To overcome inherent inaccuracies in traditional Gini coefficient measurement, we introduced an innovative county-level inequality estimation method using multi-source satellite remote sensing data. Specifically, we developed a dual-validation model combining nighttime luminosity (NASA-VIIRS and DMSP-OLS data) with electricity consumption metrics, calibrated against WorldPop population grids. This approach corrects systematic biases in household income surveys and provides robust inequality estimates verified against household-level data. Additionally, we designed replicable spatial equity metrics using kernel density functions to operationalize resource distribution fairness, offering a novel tool for assessing economic geography and policy impacts globally.

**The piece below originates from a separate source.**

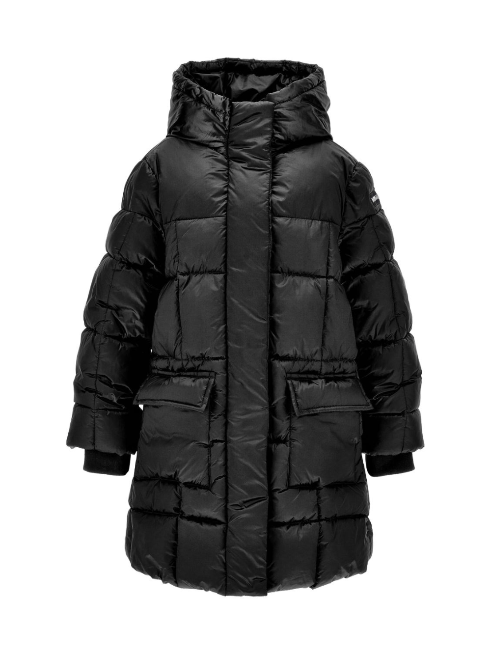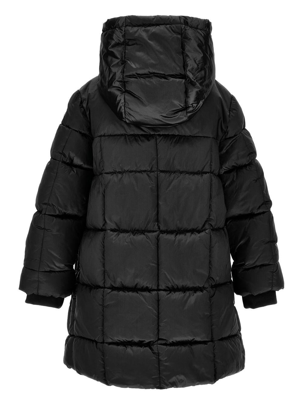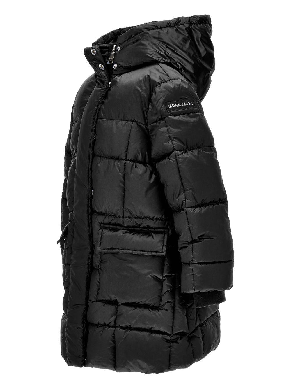 The Monnalisa black quilted down jacket with hood for girls is available on the RubinoKids.com online store. Made of 100% fabric, it features a black hood, padded squares, side pockets, a zip closure, and elasticated hems. Available in various sizes, it is part of the Monnalisa Fall/Winter 2025 collection and is available for 24-48 hour delivery in Italy.

The empirical analysis results are as follows. First, the PMC reform has aggravated economic inequality in pilot areas by an average of 0.5%. Second, the reform effect displays regional heterogeneity: in the eastern developed regions, economic inequality decreased, while in the western and northeastern underdeveloped regions, inequality worsened. Third, the effect shows temporal variation: reforms before 2007 intensified economic inequality, while reforms after 2012 have reduced economic inequality, and the effects of reforms between 2007 and 2012 were unstable.
Further mechanism analysis shows that the PMC reform has expanded the scale of transfer payments in pilot areas and the span of control of its superior governments. The lack of supervision has greatly increased the possibility of lower governments misappropriating general transfer payments, while information asymmetry has led to misjudgment of the intention of special transfer payments. Finally, the transfer payments that maintain the fairness of regional development failed. The PMC reform has increased the proportion of tax sharing in pilot areas and encouraged local development efficiency. Within the framework of local government competition, the promotion of tax sharing proportion makes local governments practice the development strategy of advantage agglomeration, which will aggravate economic inequality. The above mechanisms lead to the aggravation of economic inequality jointly.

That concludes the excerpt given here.